Injuries to Gary Hooper and Georgios Samaras mean that Neil Lennon may go with Tony Watt and Kris Commons up front for Sundays trip to Tannadice.  The “must not be mentioned” upcoming game against Barcelona means that first choice Hooper and Samaras will be wrapped in cotton wool, as they are vital to the way Celtic will play that night, and Lennon won’t take any chances. Any sort of decent result against the Catalans will virtually ensure European football after Christmas, so rightly it looks like Celtic will go for it.

Speaking of Tony Watt, Lennon said

“Tony takes the ball in really well. He has got good feet and his touch is getting better. He still needs to work on his awareness, but I think that will come with the more experience he gets. Considering the players we have  out, and the role he has played, Tony has been a huge bonus for us.”

On Commons

“I don’t know how many Kris has got already this season. He must be near double figures, so there is no reason why he can’t go on and get fifteen  or twenty. I am not setting him any targets, I just want him to keep playing.”

Commons has impressed this year with his play, but he is most impressive for his reaction after the Kilmarnock defeat. He spoke of his disappointment and his intent to put it right, and against St. Johnstone he was a man with a mission. Perhaps initially the support was underwhelmed when he signed, and fingers were pointed at him last season, but he looks like a player now, and may even go on to play for Scotland regularly. Although you get the feeling he isn’t that bothered about that.

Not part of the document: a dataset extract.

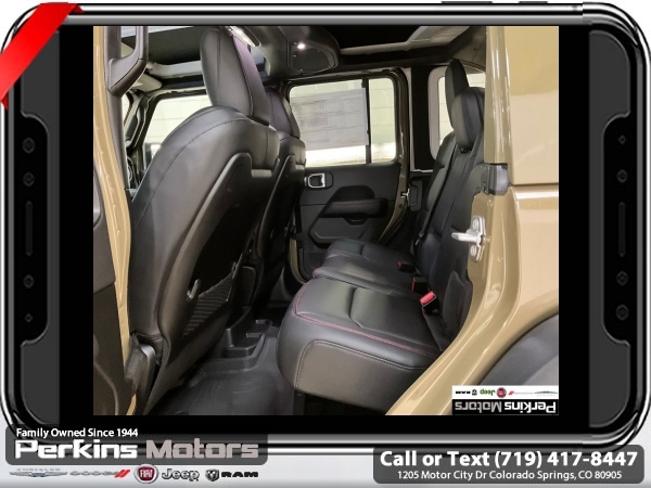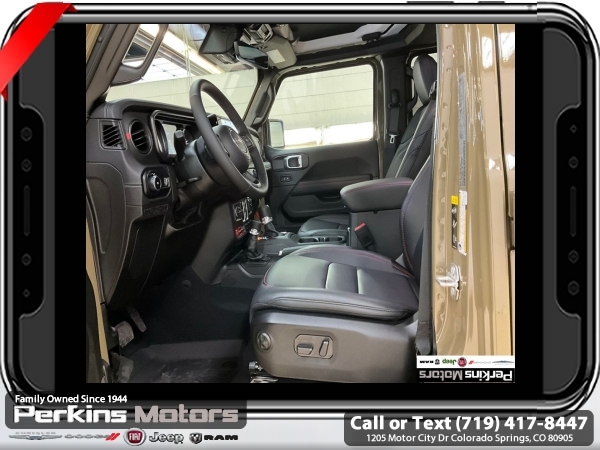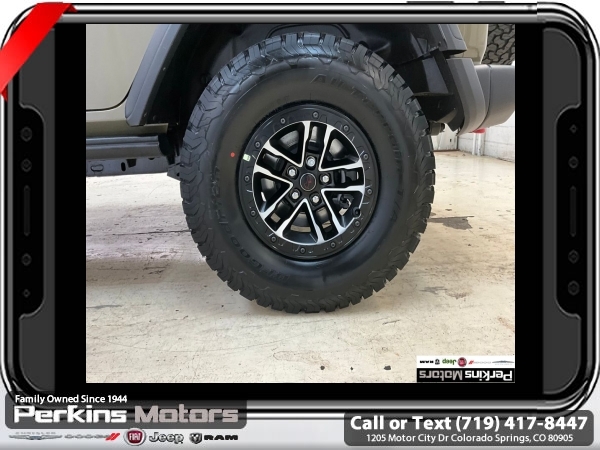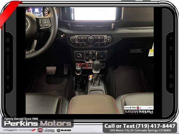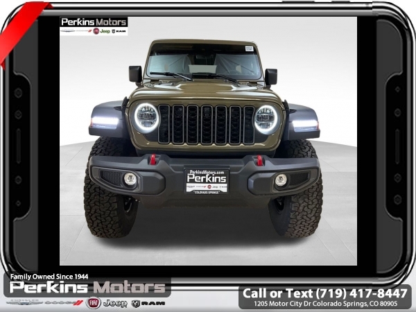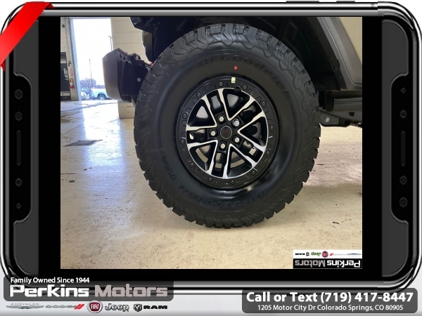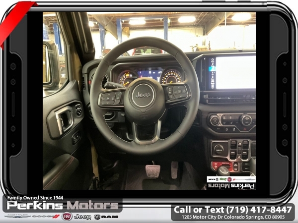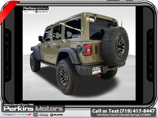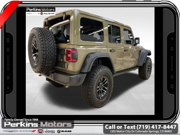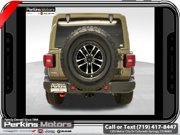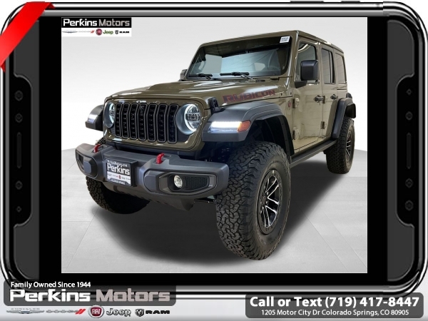 Factory MSRP: $75,175 $9,648 off MSRP! 41 2025 Jeep Wrangler Rubicon 4WD 8-Speed Automatic 3.6L V6 24V VVT<br><br>Check us out at www.perkinsmotors.com to see our specials! Since opening our doors in 1944, we’ve been proud to serve Colorado Springs, CO, and the surrounding areas of Pueblo, Castle Rock and Denver, CO. Throughout this time of being family owned for 80 years, we’ve maintained a firm commitment to our customers: to offer a wide selection of New Chrysler, Dodge, Fiat, Jeep, and Ram vehicles and quality pre-owned vehicles, and provide a quick, no-hassle car-buying process that ensures everyone drives off the lot satisfied with their purchase.<br><br>Convenience Group (Heated Front Seats, Heated Steering Wheel, and Universal Garage Door Opener), Quick Order Package 24R Rubicon, Safety Group (Auto High Beam Headlamp Control, Blind Spot & Cross Path Detection, and ParkSense Rear Park Assist System), Technology Group (12.3 Touchscreen Display, 4G LTE Wi-Fi Hot Spot, Apple CarPlay, Auto-Dimming Rear-View Mirror, Connected Travel & Traffic Services, Connectivity - US/Canada, Google Android Auto, GPS Navigation, HD Radio, Integrated Off-Road Camera, Integrated Voice Command w/Bluetooth, Radio: Uconnect 5 Nav w/12.3 Display, SiriusXM Radio Service, and SiriusXM w/360L), Xtreme 35 Tire Package (35 Tire Suspension, 4.56 Rear Axle Ratio, 97 MPH Vehicle Max Speed Calibration, Anti-Lock 4-Wheel Disc Perf Brakes, and Wheels: 17 x 8 Machined w/Black Pockets), 4-Wheel Disc Brakes, 4.10 Rear Axle Ratio, 4.88 Rear Axle Ratio, 8 Speakers, ABS brakes, Air Conditioning, Alloy wheels, Alpine Premium Audio System, AM/FM radio: SiriusXM, Apple CarPlay/Android Auto, Automatic temperature control, Aux Battery, Auxiliary Switches, Body Color 3-Piece Hard Top, Brake assist, Class II Receiver Hitch, Cloth Low-Back Bucket Seats, Compass, Cruise Control, Delay-off headlights, Driver door bin, Driver vanity mirror, Dual front impact airbags, Dual front side impact airbags, Electronic Stability Control, Emergency communication system: Jeep Connect, Freedom Panel Storage Bag, Front anti-roll bar, Front Bucket Seats, Front Center Armrest w/Storage, Front dual zone A/C, Front fog lights, Front License Plate Bracket (DISC), Front reading lights, Fully automatic headlights, Heated door mirrors, Illuminated entry, Integrated roll-over protection, Jeep Trail Rated Kit, Low tire pressure warning, MOPAR All-Weather Floor Mats, MOPAR Doors Off Mirror Kit, MOPAR Hardtop Headliner, MOPAR Hinge-Gate Reinforcement, Non-Lock Fuel Cap w/o Discriminator, Occupant sensing airbag, Outside temperature display, Overhead airbag, Panic alarm, ParkView Rear Back-Up Camera, Passenger door bin, Passenger vanity mirror, Performance Suspension, Power door mirrors, Power steering, Power windows, Radio data system, Radio: Uconnect 5 w/12.3 Display, Rear anti-roll bar, Rear reading lights, Rear Window Defroster, Rear Window Wiper/Washer, Remote keyless entry, Security system, Split folding rear seat, Steering wheel mounted audio controls, Stop-Start Dual Battery System, Tachometer, Telescoping steering wheel, Tilt steering wheel, Traction control, Trip computer, Variably intermittent wipers, Voltmeter, Wheel Flare Extensions, and Wheels: 17 x 7.5 Machined/Painted Black.

Joe Ledley is looking forward to the game on Sunday, he reckons that Tannadice is “always a good atmosphere” and the “fans are close to the pitch”. Closing the “Book of British Football Grounds” he was reading, he added

“We lost there last season, so it just shows its no easy place to go. They haven’t been doing too well this year so they will be desperate to get some points.” he said, vowing under his breath not to volunteer for any press conferences again.

A couple of ex Celts have made the news recently-Niall McGinn up at Aberdeen equalling a club scoring record, and still in with a more than decent shout of breaking it, and former goalkeeper Artur Boruc may also break a record dowm at Southampton.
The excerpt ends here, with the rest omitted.